Listed records =>
Segment Open

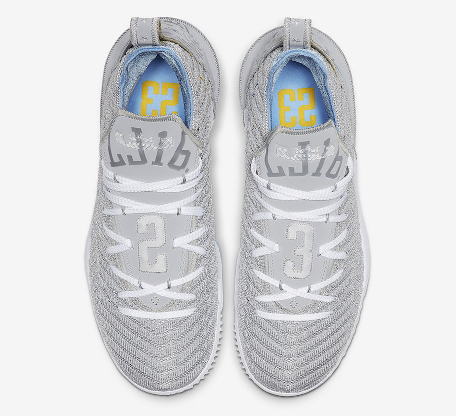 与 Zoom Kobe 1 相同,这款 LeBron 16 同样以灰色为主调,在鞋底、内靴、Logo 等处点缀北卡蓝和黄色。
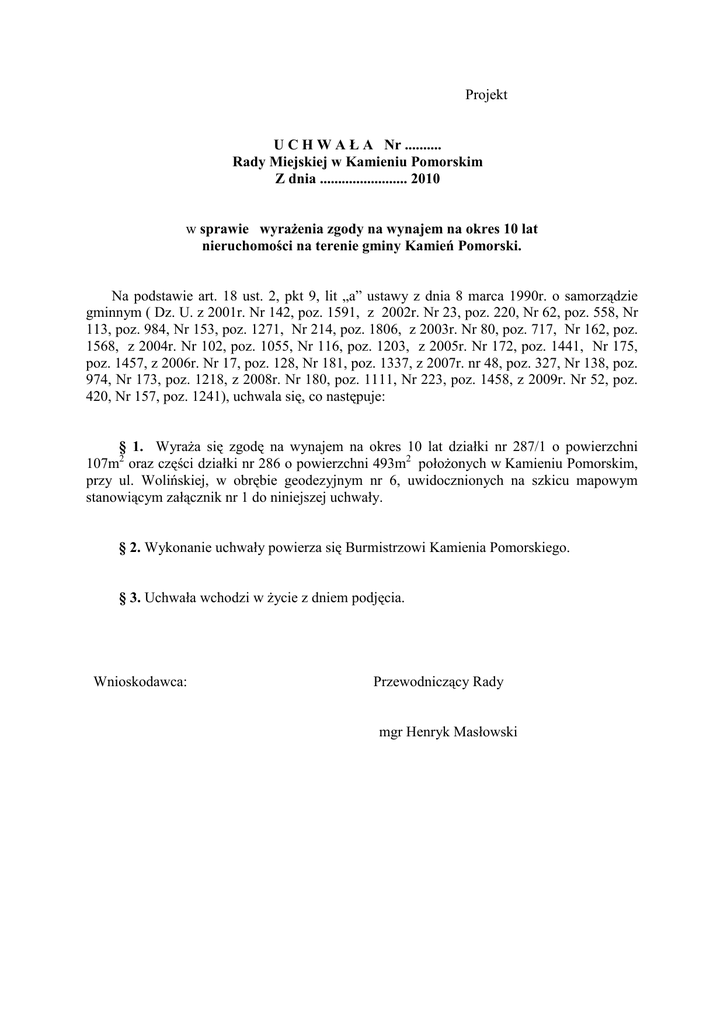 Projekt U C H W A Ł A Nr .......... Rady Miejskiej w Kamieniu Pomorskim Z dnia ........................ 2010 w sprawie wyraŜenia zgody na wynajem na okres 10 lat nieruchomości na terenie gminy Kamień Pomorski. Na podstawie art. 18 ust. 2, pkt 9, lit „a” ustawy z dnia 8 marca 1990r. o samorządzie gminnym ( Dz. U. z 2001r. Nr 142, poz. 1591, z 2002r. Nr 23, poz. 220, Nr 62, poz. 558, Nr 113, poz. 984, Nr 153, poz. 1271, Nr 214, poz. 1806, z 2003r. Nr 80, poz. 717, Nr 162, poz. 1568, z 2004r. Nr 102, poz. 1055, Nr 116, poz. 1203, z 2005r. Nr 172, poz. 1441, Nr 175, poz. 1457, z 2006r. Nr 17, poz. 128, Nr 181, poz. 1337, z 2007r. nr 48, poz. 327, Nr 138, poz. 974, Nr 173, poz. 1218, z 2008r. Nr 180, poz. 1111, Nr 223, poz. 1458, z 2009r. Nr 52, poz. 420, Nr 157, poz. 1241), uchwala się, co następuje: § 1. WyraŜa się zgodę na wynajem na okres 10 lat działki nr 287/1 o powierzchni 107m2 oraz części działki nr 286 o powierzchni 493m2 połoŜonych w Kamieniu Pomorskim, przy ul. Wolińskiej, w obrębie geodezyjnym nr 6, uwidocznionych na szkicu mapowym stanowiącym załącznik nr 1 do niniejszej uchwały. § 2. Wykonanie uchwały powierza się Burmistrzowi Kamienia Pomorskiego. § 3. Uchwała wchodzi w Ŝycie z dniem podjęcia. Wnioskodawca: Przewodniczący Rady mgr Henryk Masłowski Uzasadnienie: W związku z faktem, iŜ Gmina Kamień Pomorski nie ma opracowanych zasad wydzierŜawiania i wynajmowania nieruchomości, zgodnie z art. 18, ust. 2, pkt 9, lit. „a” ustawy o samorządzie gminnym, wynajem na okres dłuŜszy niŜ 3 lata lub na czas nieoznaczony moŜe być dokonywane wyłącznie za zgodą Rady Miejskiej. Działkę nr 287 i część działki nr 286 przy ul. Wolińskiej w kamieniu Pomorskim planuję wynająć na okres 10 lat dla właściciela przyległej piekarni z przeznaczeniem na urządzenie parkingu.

Segment Closed
Segment Open

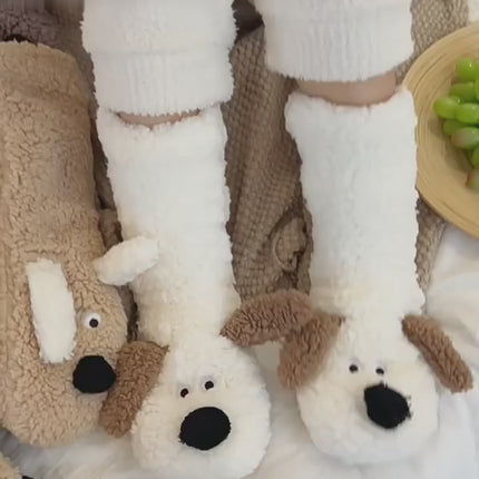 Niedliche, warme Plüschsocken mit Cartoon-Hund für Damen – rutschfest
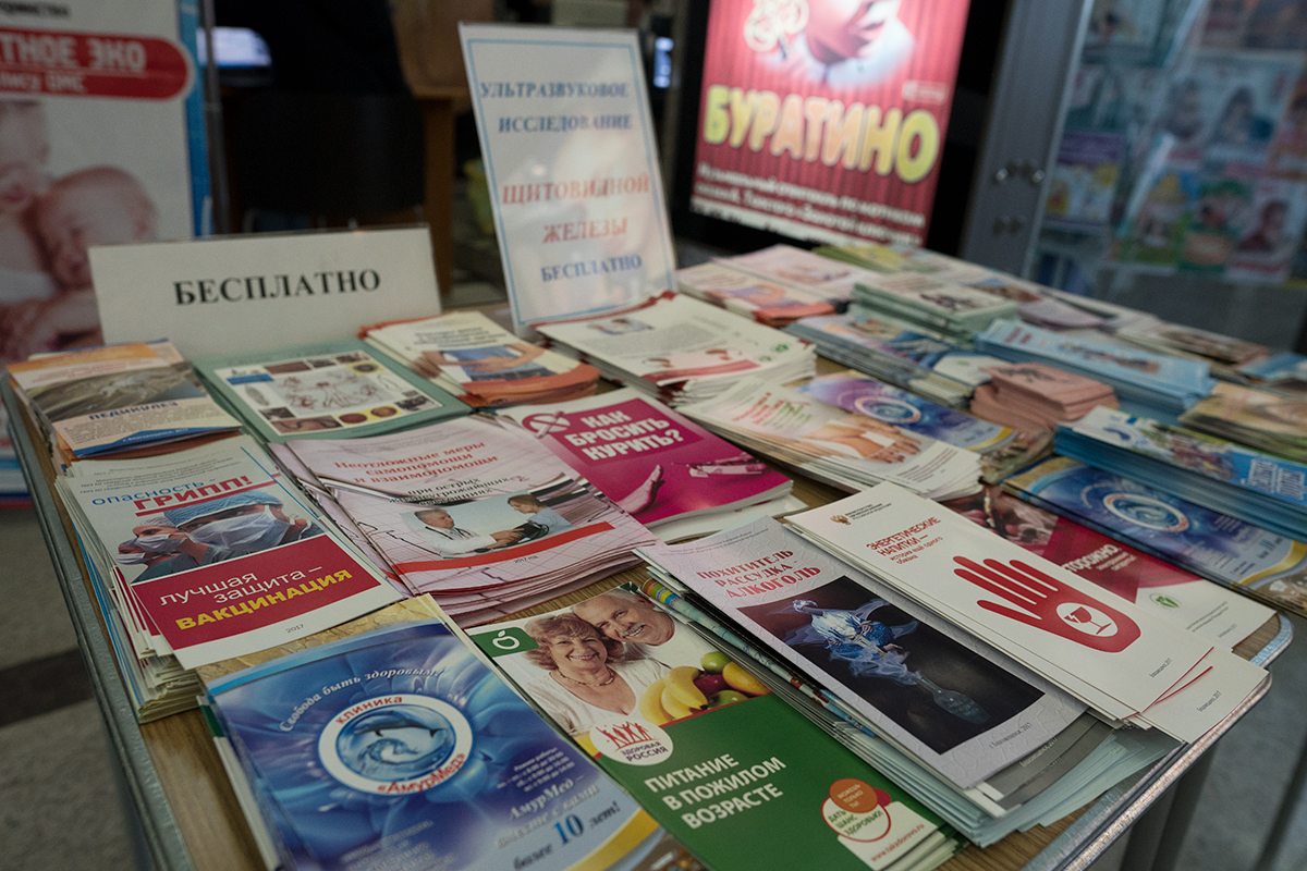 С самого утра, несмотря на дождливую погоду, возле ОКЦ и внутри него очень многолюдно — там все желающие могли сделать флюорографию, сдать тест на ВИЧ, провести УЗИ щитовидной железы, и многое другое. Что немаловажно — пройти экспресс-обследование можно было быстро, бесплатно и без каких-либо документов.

Segment Closed

Retype, exactly and with no pictures, everything above from the line with "Niedliche, warme Plüschsocken" down to the line with "С самого утра, несмотря", both included.

Solution below =>
 Niedliche, warme Plüschsocken mit Cartoon-Hund für Damen – rutschfest
 С самого утра, несмотря на дождливую погоду, возле ОКЦ и внутри него очень многолюдно — там все желающие могли сделать флюорографию, сдать тест на ВИЧ, провести УЗИ щитовидной железы, и многое другое. Что немаловажно — пройти экспресс-обследование можно было быстро, бесплатно и без каких-либо документов.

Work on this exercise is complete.